Night School
- Kindle edition cover
- Author: Lee Child
- Language: English
- Series: Jack Reacher
- Release number: 21
- Genre: Thriller novel
- Publisher: Bantam Press (UK) Delacorte Press (US)
- Publication date: 7 November 2016
- Publication place: United Kingdom
- Media type: Print (hardcover, paperback), audio, eBook
- ISBN: 978-0-593-07390-2
- Preceded by: Make Me
- Followed by: No Middle Name

= Night School (novel) =

2016 novel by Lee Child

Night School is a 2016 thriller novel by Lee Child. It is the twenty-first installment in the Jack Reacher series. It is written in the third person.

==Plot==
In 1996, Major Jack Reacher is in Virginia to receive a medal when he receives orders from his superior officer, Colonel Leon Garber, to attend a special "inter-agency cooperation" school alongside Casey Watterman, an FBI agent, and John White, a CIA officer. Reacher soon realizes that the “school” is actually a covert operation overseen by the National Security Advisor and his deputy, Dr. Marian Sinclair. The three are informed that, through a CIA double agent, the government has learned that a Middle Eastern sleeper cell in Hamburg has cut a deal with an unidentified American for $100 million. The three men are ordered to identify the American and whatever he's selling, and are given full access to anything they need. Reacher recruits Frances Neagley, his former sergeant, into the investigation.
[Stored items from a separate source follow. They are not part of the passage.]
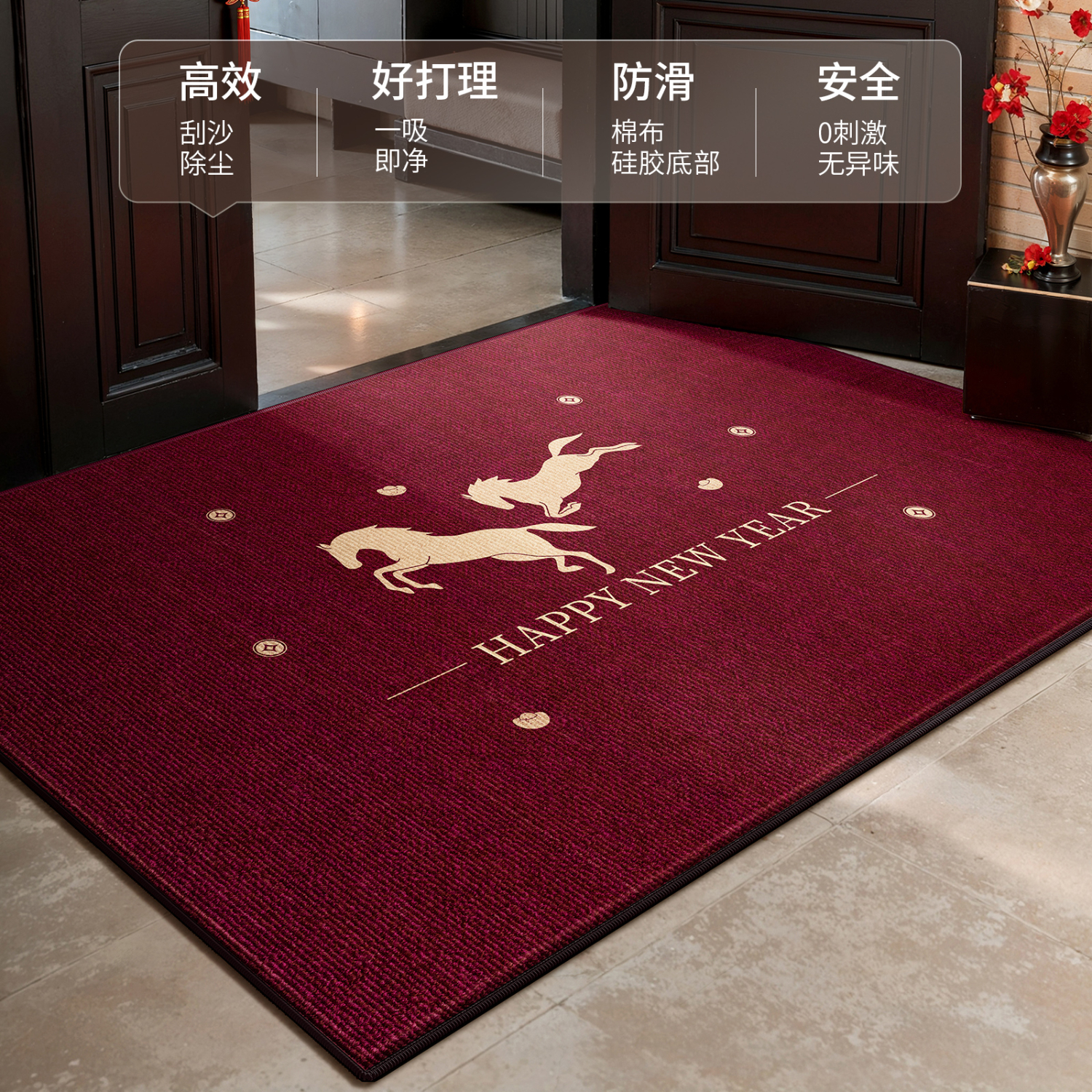 Y U-LIVE入户门地垫2026年新款马年防滑进门门口新年喜庆红色玄关耐脏 圈绒棉布-金马运财 定制请联系客服【享优惠】
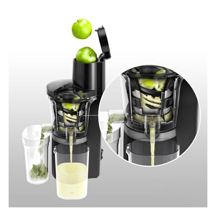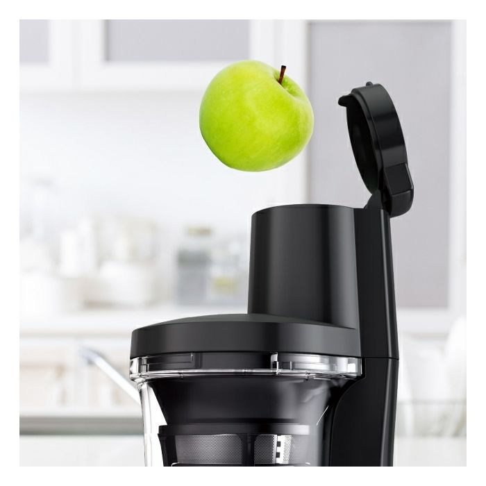Sok od cijelog voća Uštedite vrijeme tako što ne morate prvo nasjeckati voće. Otvor je širok 75 mm, tako da bez problema možete ubaciti cijele jabuke, kruške, kivi i sl. Voće i povrće umetnuto cijelo daje više okusa i zadržava hranjive tvari tijekom ekstrakcije zahvaljujući polaganom prešanju.
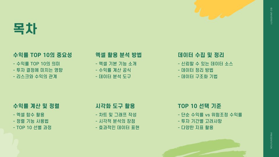 엑셀 수익률 TOP 10 선택 가이드
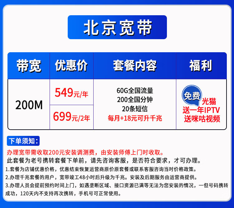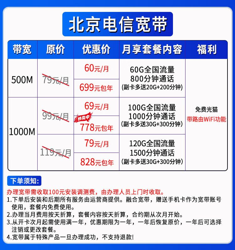 China Telecom Beijing Telecom Broadband handles door-to-door installation and integration package, number portability and network transfer, household single broadband. Beijing Telecom Broadband handles and installs 60 yuan/month fiber optic 500M with optical cat.
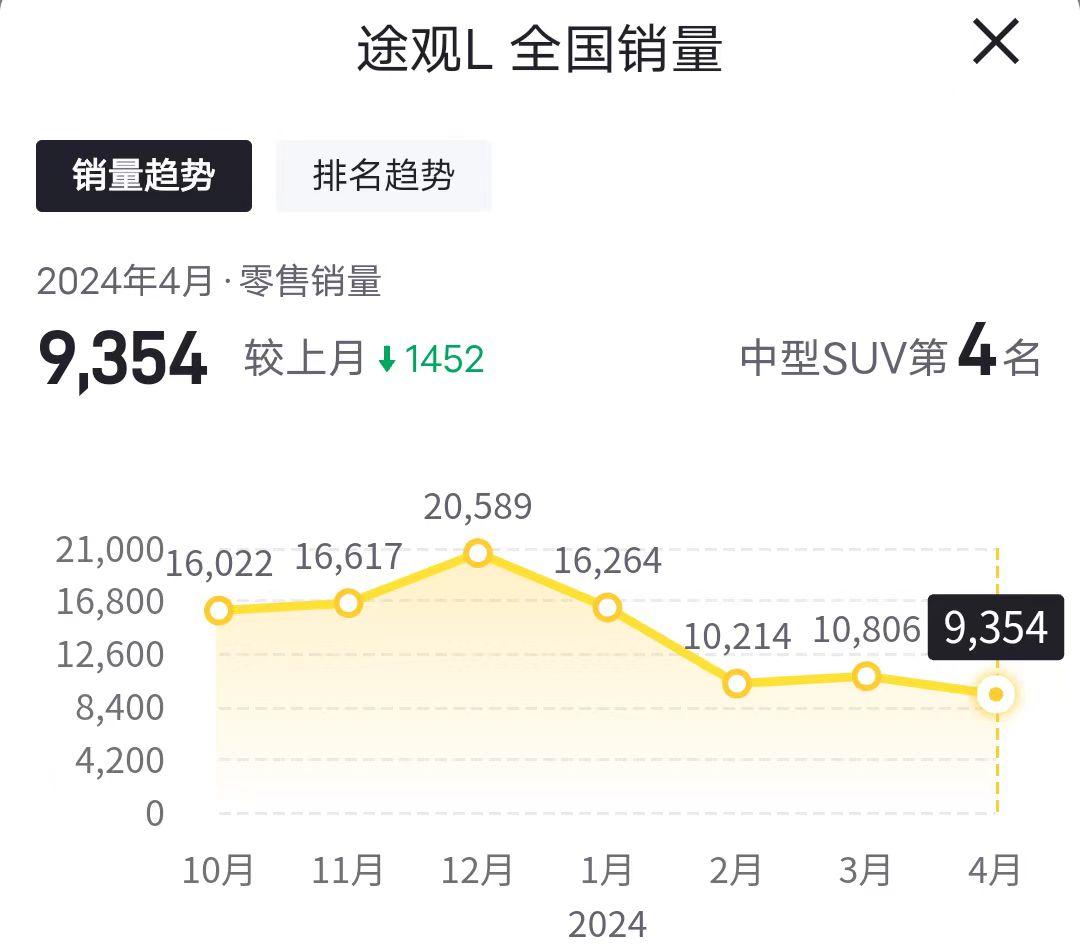 不過,隨著最近兩年自主品牌的快速發展,像長安CS75 PLUS、吉利星越L這樣的車型在產品力不輸于途觀L的同時,售價卻更便宜,加上還有以比亞迪宋PLUS DM-i等為代表的新能源車型,因此途觀L的市場競爭壓力變得更大,只能采取以價換量的策略來穩住陣腳。即便如此,銷量相比巔峰時期也下滑不少。
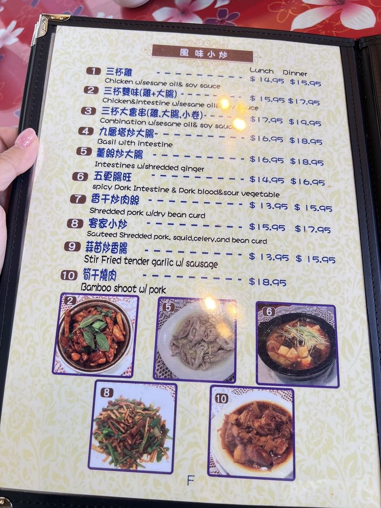 Combination of intestine, pork cheek meat, and fried bean curd.
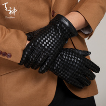 天神 男士进口羊皮 手工编织秋冬保暖防寒真皮情侣手套
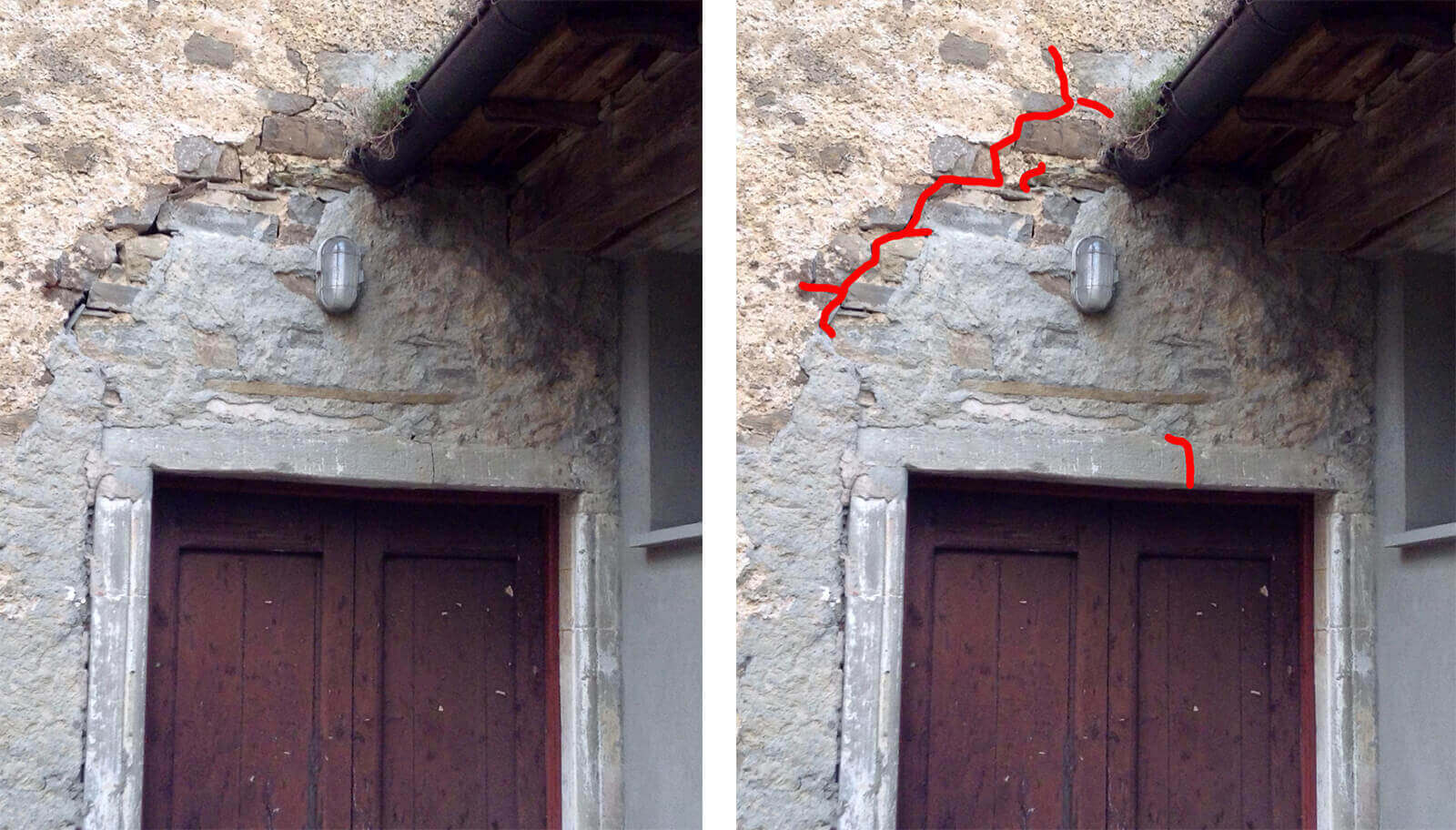 Un dissesto assai comune, tipico soprattutto dell’edilizia minuta tradizionale, è la formazione di lesioni semicircolari o paraboliche nelle porzioni di muratura immediatamente soprastanti l’architrave di una bucatura (Fig. 1); quasi sempre associata alla rottura di un architrave monolitico in pietra (Fig. 2), all’inflessione eccessiva di uno di legno o alla cerniera plastica centrale di archi o piattabande. Nei casi più gravi il dissesto si aggrava fino a comportare il crollo totale o parziale della muratura lesionata (Fig. 3).

Reacher and Neagley travel to Hamburg, where they get in a fight in a skinhead bar. Unbeknownst to Reacher, the men inform on him to their friends in the Neo-nazi movement. Reacher and Neagley are summoned back to the U.S. to follow up on a lead: the CIA believes that the merchandise on sale is a computer virus and the seller could be using an IT conference in Hamburg to cover his travel. However, the lead turns out to be a red herring. Returning to Hamburg, Reacher and Neagley meet the local chief of detectives, Griezman, who helps them with several leads: a municipal worker who claims to have witnessed an exchange between an American and a man of Middle Eastern origin, the murder of a local prostitute and two black market dealers with ties to a forger who provided the American with false documents.
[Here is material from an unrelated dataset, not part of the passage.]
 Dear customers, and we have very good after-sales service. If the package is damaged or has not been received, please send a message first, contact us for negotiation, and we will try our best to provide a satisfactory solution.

The municipal worker, Helmut Klopp, describes the American he purported to have seen to Reacher and Griezman, but also shares the information with Dremmler, a shoe importer and an influential Neo-nazi leader. In turn, Dremmler has Muller, Griezman's deputy chief, secretly shadow Reacher's investigation. The terrorists, meanwhile, arrange for the courier who had originally met with the American to be murdered in Kyiv for their own protection, and send a new messenger to complete the deal. Reacher's team learns that the American is Horace Wiley, a front-line artilleryman who has been AWOL from his post for several months. Despite Griezman's attempts to intercept her, the messenger meets with Wiley and confirms the deal before leaving Germany.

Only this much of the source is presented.